Sonets del Portuguès, de Elizabeth Barrett Browning

(Sonnets from the Portuguese)
Cafè Central/Eumo Ed., col. Jardins de Samarcanda
Vic (Barcelona), 2006 [1847]

Dejemos claro que estos sonetos ni están traducidos, ni basados, ni inspirados del portugués, ni dedicados a un portugués, ni escritos por un portugués o portuguesa. Debido a ese pudor tan británico, los sonetos que Elizabeth Barrett Browning dedicó a su enamorado y después marido, el poeta Robert Browning, fueron publicados por éste bajo ese título, para despistar. Tanto podría haberlos titulado Sonetos del Papú.
Si están interesados en la vida de la autora, pueden leerla en este artículo de Wikipedia. Como muchas otras en la historia de la literatura, es vibrante, romántica y levemente desgraciada, como una novela de Jane Austen.
Pero lo que nos interesa aquí es que, con toda probabilidad, estos sonetos son los más bellos poemas de amor en lengua inglesa desde Shakespeare. Todas las traducciones han sido injustas con ellos, y ustedes no perdonarán la mía. Como siempre, he procurado ceñirme más a la literalidad del texto que a trasponer el ritmo, buscar la rima o encajar la métrica. Si se hace esto, hay que suprimir o deformar. Y les aseguro que no hay una sílaba prescindible en la poesía de Elizabeth Barrett Browning:

XIV
If thou must love me, let it be for nought
except for love's sake only.

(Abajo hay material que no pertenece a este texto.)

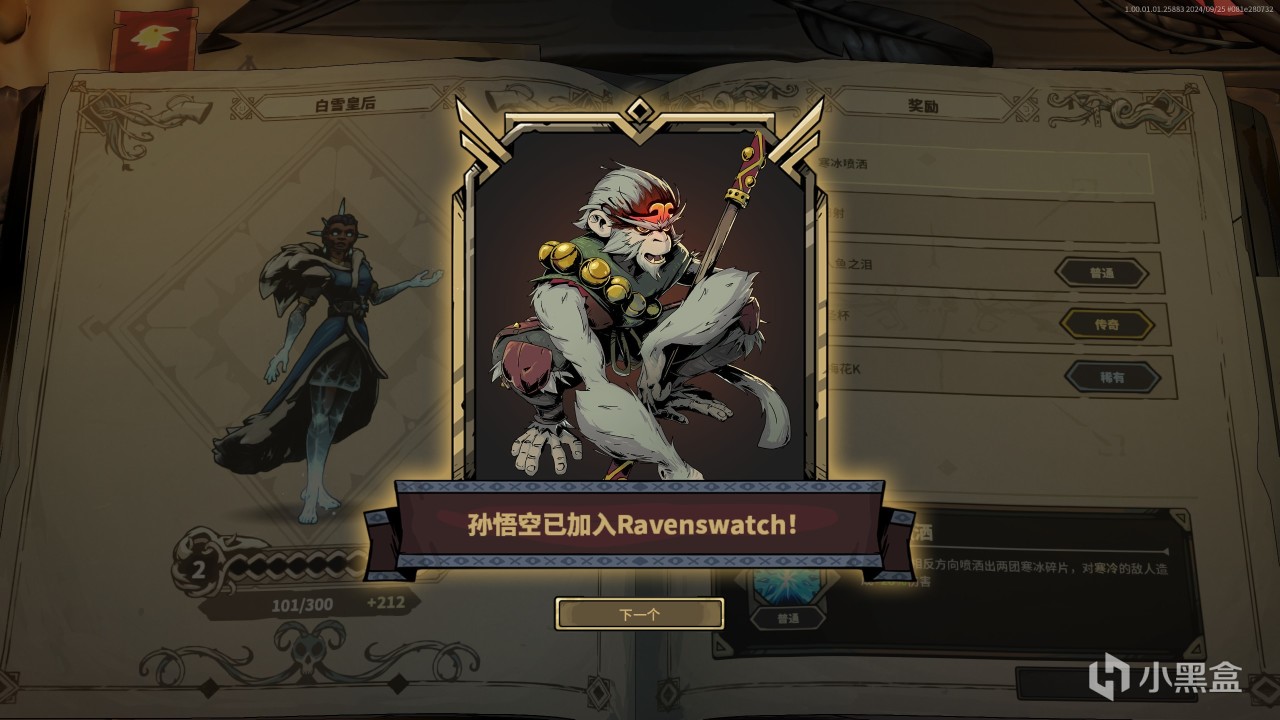 此外,在角色流派的构筑上,《鸦卫奇旅》制作组也有着独特的想法。我们都知道,一个肉鸽游戏好不好玩,角色流派的构筑(即BUILD)吸引人与否占据了很大一部分要素。而在《鸦卫奇旅》中,玩家可以选择的不再是能够“完全”自由选择战斗方式的万用主角,而是拥有不同特质和战技的童话主角,比如能够在白昼与黑夜间切换人与狼形态的小红帽(这让我想起了《童话镇》里那一句:小红帽有一件抑制自己,变成狼的大红袍),能够使用笛子发出音波作为武器还能驭使老鼠作战的花衣魔笛手,有能够自由操控寒冰能量的“白雪皇后”(这个有点正确),甚至还有我们的孙悟空,好家伙,这下真的是《黑童话:悟空》了。
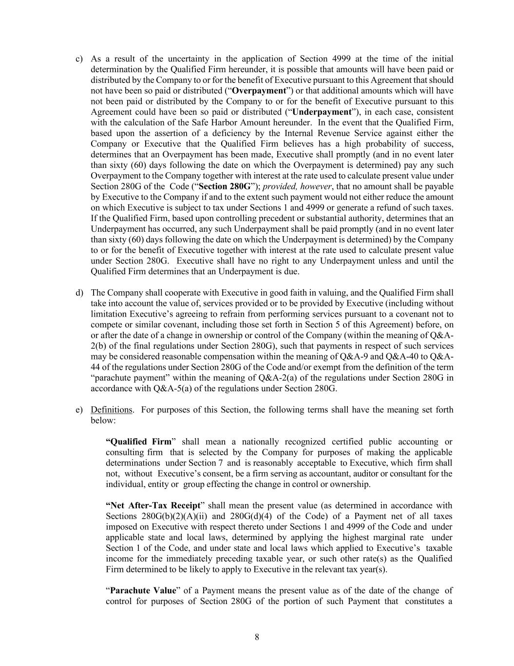 8 c) As a result of the uncertainty in the application of Section 4999 at the time of the initial determination by the Qualified Firm hereunder, it is possible that amounts will have been paid or distributed by the Company to or for the benefit of Executive pursuant to this Agreement that should not have been so paid or distributed (“Overpayment”) or that additional amounts which will have not been paid or distributed by the Company to or for the benefit of Executive pursuant to this Agreement could have been so paid or distributed (“Underpayment”), in each case, consistent with the calculation of the Safe Harbor Amount hereunder. In the event that the Qualified Firm, based upon the assertion of a deficiency by the Internal Revenue Service against either the Company or Executive that the Qualified Firm believes has a high probability of success, determines that an Overpayment has been made, Executive shall promptly (and in no event later than sixty (60) days following the date on which the Overpayment is determined) pay any such Overpayment to the Company together with interest at the rate used to calculate present value under Section 280G of the Code (“Section 280G”); provided, however, that no amount shall be payable by Executive to the Company if and to the extent such payment would not either reduce the amount on which Executive is subject to tax under Sections 1 and 4999 or generate a refund of such taxes. If the Qualified Firm, based upon controlling precedent or substantial authority, determines that an Underpayment has occurred, any such Underpayment shall be paid promptly (and in no event later than sixty (60) days following the date on which the Underpayment is determined) by the Company to or for the benefit of Executive together with interest at the rate used to calculate present value under Section 280G. Executive shall have no right to any Underpayment unless and until the Qualified Firm determines that an Underpayment is due. d) The Company shall cooperate with Executive in good faith in valuing, and the Qualified Firm shall take into account the value of, services provided or to be provided by Executive (including without limitation Executive’s agreeing to refrain from performing services pursuant to a covenant not to compete or similar covenant, including those set forth in Section 5 of this Agreement) before, on or after the date of a change in ownership or control of the Company (within the meaning of Q&A- 2(b) of the final regulations under Section 280G), such that payments in respect of such services may be considered reasonable compensation within the meaning of Q&A-9 and Q&A-40 to Q&A- 44 of the regulations under Section 280G of the Code and/or exempt from the definition of the term “parachute payment” within the meaning of Q&A-2(a) of the regulations under Section 280G in accordance with Q&A-5(a) of the regulations under Section 280G. e) Definitions. For purposes of this Section, the following terms shall have the meaning set forth below: “Qualified Firm” shall mean a nationally recognized certified public accounting or consulting firm that is selected by the Company for purposes of making the applicable determinations under Section 7 and is reasonably acceptable to Executive, which firm shall not, without Executive’s consent, be a firm serving as accountant, auditor or consultant for the individual, entity or group effecting the change in control or ownership. “Net After-Tax Receipt” shall mean the present value (as determined in accordance with Sections 280G(b)(2)(A)(ii) and 280G(d)(4) of the Code) of a Payment net of all taxes imposed on Executive with respect thereto under Sections 1 and 4999 of the Code and under applicable state and local laws, determined by applying the highest marginal rate under Section 1 of the Code, and under state and local laws which applied to Executive’s taxable income for the immediately preceding taxable year, or such other rate(s) as the Qualified Firm determined to be likely to apply to Executive in the relevant tax year(s). “Parachute Value” of a Payment means the present value as of the date of the change of control for purposes of Section 280G of the portion of such Payment that constitutes a

Do not say
"I love her for her smile ─her look ─her way
of speaking gently, ─for a trick of thought

that falls in well with mine, and certes brought
a sense of pleasant ease on such a day"─
For these things in themselves, Beloved, may
be changed, or change for thee, ─and love, so wrought,

may be unwrought so. Neither love me for
thine own dear pity's wiping my cheeks dry, ─
A creature might forget to weep, who bore

thy comfort long, and loss thy love thereby!
But love me for love's sake, that evermore
thou may'st love on, through love's eternity.

[XIV
Si debes amarme, que no sea por nada
salvo por el puro amor. No digas:
"La amo por su sonrisa, su mirada, su forma
dulce de hablar, por el pensamiento

que concuerda con el mío y trae
un placentero sentido de bienestar en semejante día".
Porque estas cosas en sí mismas, Amado, pueden
cambiar, o cambiar por ti, y el amor así forjado

puede así disolverse. Ni me ames por
tu querida piedad que seca mis mejillas...
Una criatura podría olvidarse del llanto, que trae

tu largo consuelo, ¡y perder así tu amor!
Pero ámame por el puro amor, que por siempre
puedas seguir amando, por toda la eternidad del amor. ]

Los lectores que deseen leer las poesías de Elizabeth Barrett Browning en inglés pueden hacerlo aquí.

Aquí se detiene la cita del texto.